Конечно, у нас огромный экспортный потенциал животноводческой продукции. Например, в последние годы на российский рынок мы продавали около 70% молока от общего производства. Производство постоянно растет, в том числе и благодаря государственной поддержке: на гектар сельхозугодий государство из различных источников, прежде всего, бюджетных, выделяет порядка 230 долларов в год. В ЕС, конечно, цифра повыше – порядка 560 долларов, но, к нашей чести, мы оказываем поддержку сельхозугодий на гораздо более серьезном уровне, чем наши соседи. Возьмем страны Таможенного союза: объем государственных субсидий к общему валовому сельскохозяйственному производству в Казахстане составил 9,7%, в России – 10,25, в Беларуси – более 58%.

Анатолий Гуляев (А.Г.): Я только что вернулся из Лидского района, где существует девять хозяйств. Я посмотрел на их техническую оснащенность: на девять хозяйств 427 тракторов, достаточно комбайнов – то есть им для проведения сева и уборочной нужно минимальное количество дней, так как они очень хорошо обеспечены техникой.
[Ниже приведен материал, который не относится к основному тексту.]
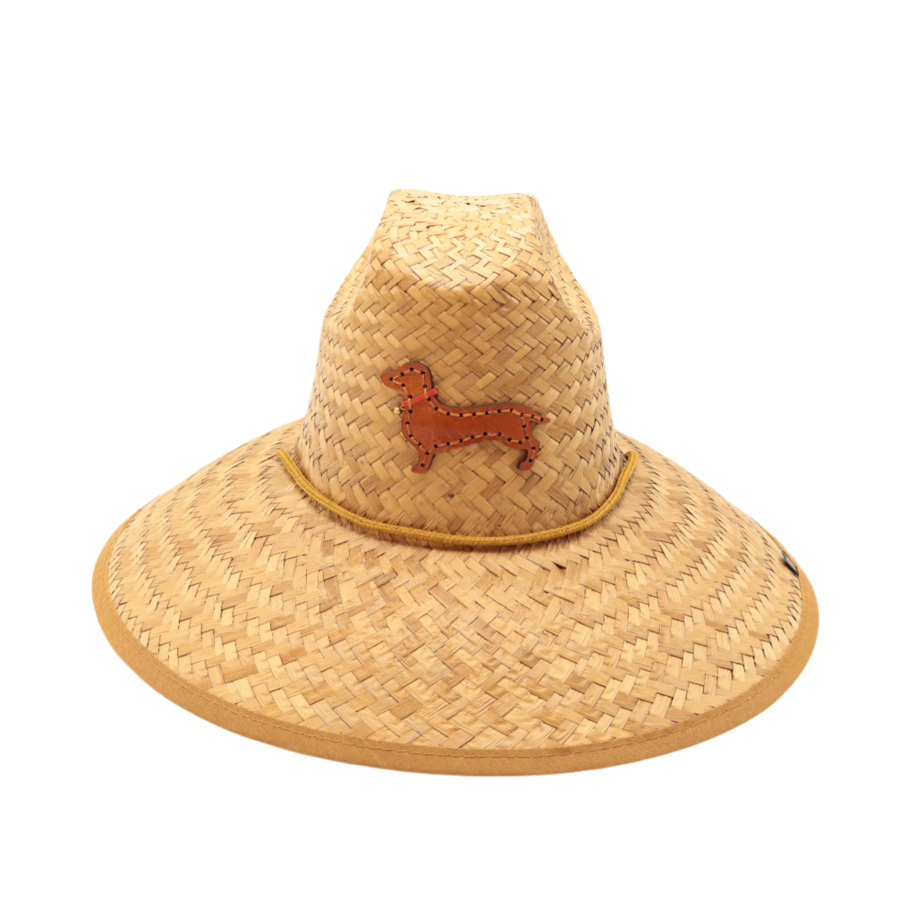STRAW HAT - BROWN DACHSHUND WITH RED COLLAR - BRIDLE LEATHER *LIMITED EDITION
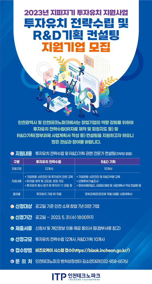 창업 7년 미만의 인천지역 기업의 성장을 돕는 사업으로 ▲투자유치 전략 수립 ▲연구·개발(R&D)기획 컨설팅을 지원한다.

Всегда были или к Дожинкам обеспечились?

А.Г.: В последние годы, я бы так сказал. И это касается не только этого района. Лидский район, кстати, не самый богатый в Беларуси.

А.Я.: Справедливости ради надо отметить, что "нефтяной дождь", который пролился на страну, не являющейся нефтедобывающей в классическом понимании, доходы, которые образовались в результате переработки российской нефти, пошли непосредственно в сельскохозяйственное производство, в том числе, и на техническое перевооружение. С этой точки зрения мы можем говорить о том, что сельское хозяйство в последние годы не может жаловаться на недостаток внимания со стороны государства: оно было по-настоящему обласкано, и апофеозом этой обласканности и любви неизменно выступали Дожинки.

Но когда мы продаем молочные или мясные продукты на внешние рынки, а это прежде всего российский рынок, возникает следующая ситуация: экспорт молочной и мясной продукции в прошлом году нам принес 30% убытка, а не рентабельности. Экспорт сыров нам принес 20% убытка.

Получается, что мы демпингуем?

А.Я.: Совершенно верно. Несколько месяцев назад на TUT.BY проходила информация о 50 самых убыточных белорусских предприятий. Любопытно взглянуть, какие это предприятия. Практически все – это молочные заводы и комбинаты, и этим все сказано. В прошлом году мы произвели продукции на 5 млрд долларов, но при этом задолженность сельскохозяйственного производства сегодня составляет 7 млрд долларов. Примерно треть этой задолженности – просроченная. Если суммировать задолженность сельскохозяйственных предприятий с задолженностью перерабатывающих предприятий, мы получаем сумму 11,5 млрд долларов. Получается, что полтора года нам надо работать бесплатно, чтобы каким-то образом ликвидировать эту задолженность.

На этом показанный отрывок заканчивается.